On 2022/9/22 14:20, Christoph Hellwig wrote:
> On Wed, Sep 21, 2022 at 11:32:03AM +0800, Liu Song wrote:
>> From: Liu Song <[email protected]>
>>
>> High-performance NVMe devices usually support a large hw queue, which
> a larger number of?
>
>> /*
>> - * For a polled request, always complete locally, it's pointless
>> - * to redirect the completion.
>> + * For request which hctx has only one ctx mapping,
>> + * or a polled request, always complete locally,
>> + * it's pointless to redirect the completion.
>> */
>> - if (rq->cmd_flags & REQ_POLLED)
>> + if (rq->mq_hctx->nr_ctx == 1 ||
>> + rq->cmd_flags & REQ_POLLED)
> Some very odd comment formatting and and indentation here.

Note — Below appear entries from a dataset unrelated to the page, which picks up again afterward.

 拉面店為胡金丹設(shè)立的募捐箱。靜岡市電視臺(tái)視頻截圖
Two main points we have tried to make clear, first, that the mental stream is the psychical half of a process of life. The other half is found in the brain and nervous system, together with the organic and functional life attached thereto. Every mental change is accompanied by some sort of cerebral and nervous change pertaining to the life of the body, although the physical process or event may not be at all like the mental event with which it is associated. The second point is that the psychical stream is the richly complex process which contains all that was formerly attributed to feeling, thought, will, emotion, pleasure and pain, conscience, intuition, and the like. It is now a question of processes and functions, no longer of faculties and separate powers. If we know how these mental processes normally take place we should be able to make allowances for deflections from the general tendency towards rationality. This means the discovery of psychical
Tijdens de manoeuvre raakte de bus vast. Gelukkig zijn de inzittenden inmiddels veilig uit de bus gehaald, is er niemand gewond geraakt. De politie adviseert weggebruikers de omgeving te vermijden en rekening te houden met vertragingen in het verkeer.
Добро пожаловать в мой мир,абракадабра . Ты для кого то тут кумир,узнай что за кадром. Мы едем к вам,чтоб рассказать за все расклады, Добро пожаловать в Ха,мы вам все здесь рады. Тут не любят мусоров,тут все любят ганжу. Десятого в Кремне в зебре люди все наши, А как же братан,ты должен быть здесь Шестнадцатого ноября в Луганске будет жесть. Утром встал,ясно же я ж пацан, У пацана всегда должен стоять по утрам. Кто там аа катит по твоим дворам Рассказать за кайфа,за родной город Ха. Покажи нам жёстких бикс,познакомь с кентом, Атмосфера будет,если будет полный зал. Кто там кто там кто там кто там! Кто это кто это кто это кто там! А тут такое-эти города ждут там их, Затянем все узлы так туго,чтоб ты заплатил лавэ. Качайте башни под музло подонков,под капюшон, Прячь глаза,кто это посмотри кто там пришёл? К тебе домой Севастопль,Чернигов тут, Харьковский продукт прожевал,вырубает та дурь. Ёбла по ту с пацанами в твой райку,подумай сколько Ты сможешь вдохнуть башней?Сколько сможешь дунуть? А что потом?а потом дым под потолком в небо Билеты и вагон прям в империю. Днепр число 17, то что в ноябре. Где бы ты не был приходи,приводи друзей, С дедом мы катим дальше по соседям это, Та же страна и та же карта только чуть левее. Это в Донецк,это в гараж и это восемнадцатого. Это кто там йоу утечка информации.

Thanks, I will issue a V2 patch as suggested.
From: Liu Song <[email protected]>
High-performance NVMe devices usually support a larger number of hw queue,
which ensures a 1:1 mapping of hctx and ctx. In this case there will be no
remote request, so we don't need to care about it.
Signed-off-by: Liu Song <[email protected]>
---
block/blk-mq.c | 7 ++++---
1 file changed, 4 insertions(+), 3 deletions(-)

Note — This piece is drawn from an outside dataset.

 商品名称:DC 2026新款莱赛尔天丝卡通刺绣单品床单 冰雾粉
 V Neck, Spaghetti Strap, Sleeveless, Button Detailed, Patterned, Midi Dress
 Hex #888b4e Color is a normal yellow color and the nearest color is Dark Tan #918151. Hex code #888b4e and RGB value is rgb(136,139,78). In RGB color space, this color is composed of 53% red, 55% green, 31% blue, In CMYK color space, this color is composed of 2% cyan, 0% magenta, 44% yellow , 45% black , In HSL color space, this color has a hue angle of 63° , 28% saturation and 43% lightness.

diff --git a/block/blk-mq.c b/block/blk-mq.c
index c11949d..7f9be13 100644
--- a/block/blk-mq.c
+++ b/block/blk-mq.c
@@ -1093,10 +1093,11 @@ bool blk_mq_complete_request_remote(struct request *rq)
WRITE_ONCE(rq->state, MQ_RQ_COMPLETE);
/*
- * For a polled request, always complete locally, it's pointless
- * to redirect the completion.
+ * If the request's hctx has only one ctx mapping,
+ * or is a polled request, both always complete locally,
+ * it's pointless to redirect the completion.
*/
- if (rq->cmd_flags & REQ_POLLED)
+ if (rq->mq_hctx->nr_ctx == 1 || rq->cmd_flags & REQ_POLLED)
return false;
if (blk_mq_complete_need_ipi(rq)) {
--
1.8.3.1
On Wed, 21 Sep 2022 11:32:03 +0800, Liu Song wrote:
> From: Liu Song <[email protected]>
>
> High-performance NVMe devices usually support a large hw queue, which
> ensures a 1:1 mapping of hctx and ctx. In this case there will be no
> remote request, so we don't need to care about it.
>
>
> [...]
Applied, thanks!
[1/1] blk-mq: hctx has only one ctx mapping is no need to redirect the completion
commit: f168420c62e7a106961f2489a89f6ade84fe3f27
Best regards,
--
Jens Axboe